Такеши не нужно открывать глаза или вставать, чтобы узнать того, кто составляет ему компанию сегодня. Ямамото вообще ничего не надо делать, как не надо делать и ему. Такеши тянется к ночнику на тумбочке и осторожно щёлкает, включая его. Рассеянный свет осторожно лижет чужие ноги, скрывая всё остальное мрачной тенью. Такеши улыбается. Не притворно. По-настоящему.
- Привет, Кёя, - он произносит чужое имя тихо, пряча и глотая его улыбкой на губах. - Если ты хочешь сказать: "а я предупреждал", лучше не надо, честное слово. Гокудера успел мне это высказать тысячу раз, я больше не могу это слушать, он завёлся как поломанная шарманка и на повторе бормочет "говорил-говорил-говорил", стоит мне только шевельнуться или сделать вдох. Уверен, что Тсуне это не пришлось выслушивать, как-то нечестно.
Такеши улыбается, да, но смотрит остро и осторожно. Прощупывает, решает и прикидывает. Не хочется признавать то, что ему нравится видеть то, что видит. Не хочется признавать, что, да, ждал. Пусть вместо этого будет: "Спасибо, что не Хаято," - это будет звучать правдоподобнее.
От Хибари пахнет раздражением, усталостью и чем-то ещё, таким неуловимо-тяжёлым, как бывает только у него одного. У Хибари сон - это бывшая жена, иногда напоминающая о себе и требующая алиментов, для отдыха и перерывов, но это же Кея. Он не платит, платят ему. Со сном у них у всех напряжёнка. Такеши почти что счастливчик.
- Выглядишь так, будто убивать пришёл, - Ямамото говорит почти что сыто и счастливо, с трудом скрывая удовольствие в голосе. Он весь как-то подбирается внутренне, внешне ничем не выдавая своего любопытства. Кёя и азарт - это синонимы. Родственные слова, дополняющие и развивающие друг друга. Единое целое, заставляющее отбросить всё лишнее и напускное.

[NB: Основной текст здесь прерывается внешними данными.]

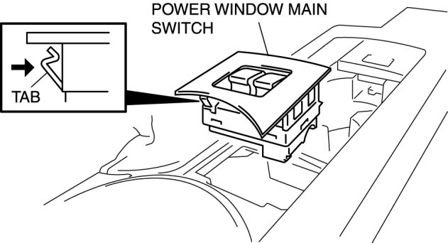 4. Depress the tab and remove the power window main switch.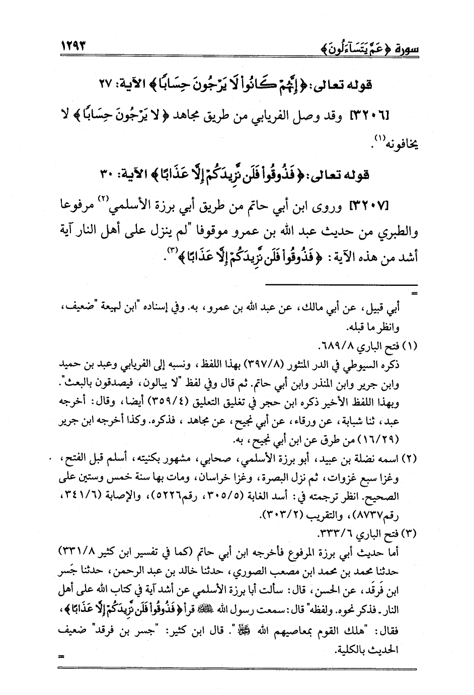 [3207] وروى ابن أبي حاتم من طريق أبي برزة الأسلمي2 مرفوعا والطبري من حديث عبد الله بن عمرو موقوفا "لم ينزل على أهل النار آية أشد من هذه الآية: {فَذُوقُوا فَلَنْ نَزِيدَكُمْ إِلَّا عَذَاباً} 3.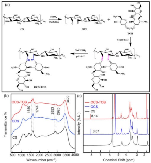 The synthesis mechanism of OCS-TOB is shown in Figure 1a. First of all, CS is oxidized by NaIO4, resulting in the cleavage of C2-C3 bonds and the formation of aldehyde groups. Secondly, TOB is grafted onto the OCS by the Schiff base reaction. Finally, the -C=N- bond between TOB and OCS is replaced by -C-NH-, and TOB was grafted onto the backbone of OCS after the reductive amination by NaCNBH3.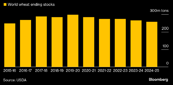 Мировые запасы пшеницы (в млн тонн) находятся на девятилетнем минимуме. Данные: Минсельхоз США, источник: Bloomberg

Поделиться32019-03-26 02:34:08
Кея посмотрел на Саваду - тот застыл перед окном. Стоял он так больше часа и что-то бормотал. Не двигался - и явно был в глубочайших потрясении и задумчивости. Кея посмотрел - и понял, что приплыли.
Хибари сидит в кожаном кресле, пьет чай и раздает указания. Гокудеру он вежливо шлет в пень, потому что не может работать в шуме, Рехея он вежливо шлет в больницу, потому что ты Хранитель Солнца, так отрабатывай звание и деньги, травоядное, Ламбо он просто вышвыривает из кабинета в окно не снимая перчаток - и в принципе полностью очищает кабинет. И от Базиля, который может только сочувствовать, и от Орегано, с которой тихо говорит за дверью и принимает отчеты, холодно пробегаясь взглядом, и от всех Хранителей. Кея в такие моменты - остров спокойствия, огромный айсберг в океане чужих "несправедливо", "какой кошмар" и "надо что-то делать". Кея знает, что делать. Не кошмар - жизнь. Справедливо. Кея дает Саваде перебеситься - и берет большую часть его бумажной работы на себя. Не потому что они друзья или что-то другое - такое же бесполезное и травоядное, как Тсунаеши в этом состоянии. Потому что Кея просто натаскан быть Хранителем. Дино постарался воспитать того, кто будет исключительно полезен именно в критический момент - когда свои падают в лужи собственной крови, а на небе ни лучика солнца. Хибари - Облако. Для него нормально не видеть светлых пятен. Он просто берет инициативу в свои руки - и не выпускает поводья до тех пор, пока с горки они не съедут. Потом снова поведет Савада, конечно. Кея ему не кучер и не прислуга, чтобы делать его работу. Тсунаеши вырос и многое умеет сам. Кея просто помогает в сложную минуту - ничего особенного. Савада умеет принимать сложные решения и жить с их последствиями. Савада умеет мстить. Савада умеет наказывать невиновных. Проблема в том, что ноги вытерли о Вонголу. О семью. Семья за семью. И там есть невинные. Хибари понимает многое. Хибари натаскали.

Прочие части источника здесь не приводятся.